Мысленно я возвращаюсь к сегодняшней сделке. И хоть держу в голове все детали, решаю дорогой еще раз перечитать контракт. Канская не тот человек, чтобы обжулить… Но как знать… Да и я сам давно разуверился в людях. Проходя через холл, я бросаю взгляд на часы, стоящие в углу. Резной корпус из черного дерева, перламутровый циферблат. Золотые стрелки показывают половину одиннадцатого. Остается только напялить на себя костюм от Бриони и тащиться в ЗАГС. Но в комнате моей прекрасной невесты нет.
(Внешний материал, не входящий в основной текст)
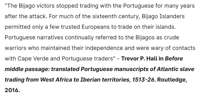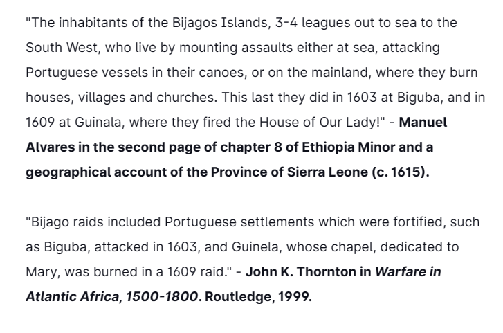 Henceforth, the Bijagos made life uncomfortable for the Portuguese in the area, causing them in 1607 to seek the assistance of the spanish potentate to fight the Bijagos. Still, in 1609 the Portuguese settlement in Guinela was greeted with a Bijago raid & their chapel was burnt.
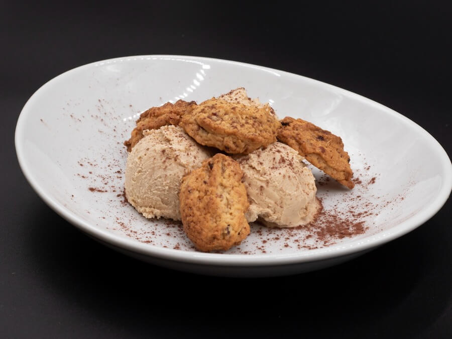 Biscotti di zenzero e datteri serviti con gelato –  Biscuits au gingembre et aux dattes servis avec la glace – Ginger and date biscuits served with ice cream
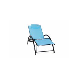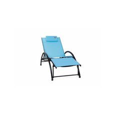 Le bain de soleil avec repose tête O’,Colors est idéal pour une relaxation optimale. Structure légère en aluminium, toile en textylène. Dossier et repose pieds réglable en 3 positions. Couleur : Bleu.
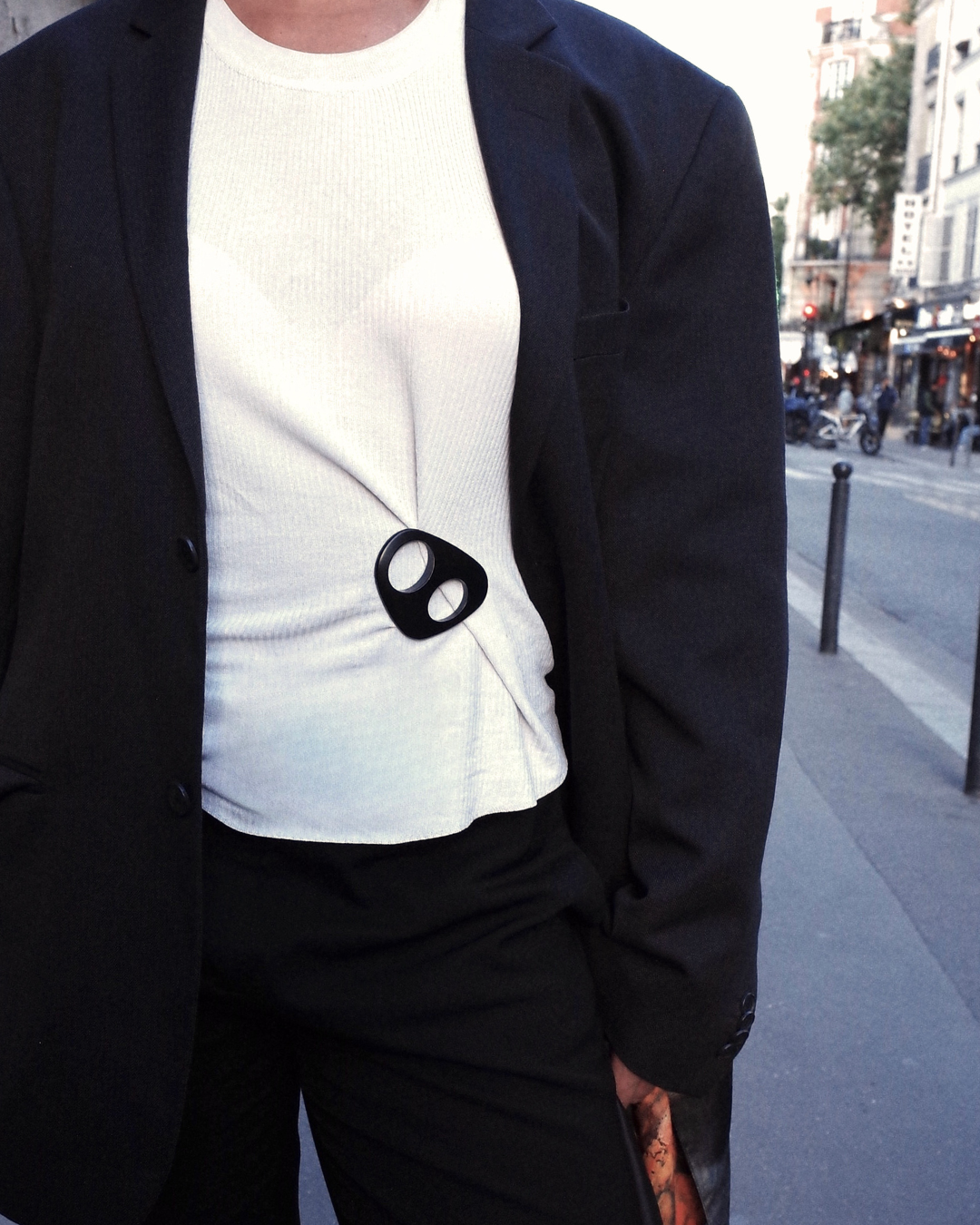 A two-piece accessory with strong, fitted magnets. Use it to loop fabric through the two holes to add textures, shorten your simple tees, bond fabrics together,or secure layered pieces in place. Lightweight and pleasing to hold.

Я наскоро влезаю в брюки, лихорадочно застегиваю рубашку. Усилием воли сдерживаю порыв пробежаться по дому в поисках непредсказуемой невесты и аккуратно завязываю галстук-бабочку. Тщательно расправляю концы и ворот рубашки. И чувствую, что закипаю.
– Где, мать вашу, моя невеста? – рычу я, выбегая из комнаты.
«Если Майя надумала сбежать, – мысленно вздыхаю я, – то именно сейчас лучшее время. Лучше момента и не придумаешь, чтобы подставить меня. В самый раз запороть мне сделку!»
Я заглядываю в комнаты на своем этаже, спускаюсь на второй. Тут тоже пусто. И я уже понимаю, что шутки закончились и нужно звать охрану.
«Остались только гостиная и мой кабинет», – стискиваю зубы я и устремляюсь вниз, в душе костеря себя за наивность. Майю я нахожу в гостиной. Она держит в руках новенький самсунг, купленный вчера же, и с кем-то оживленно беседует на английском.
– Пока, Мелисса, – с сожалением произносит Майя, и в ответ слышится детский голосок:
– Пока-пока, мамочка! Ты у меня самая красивая.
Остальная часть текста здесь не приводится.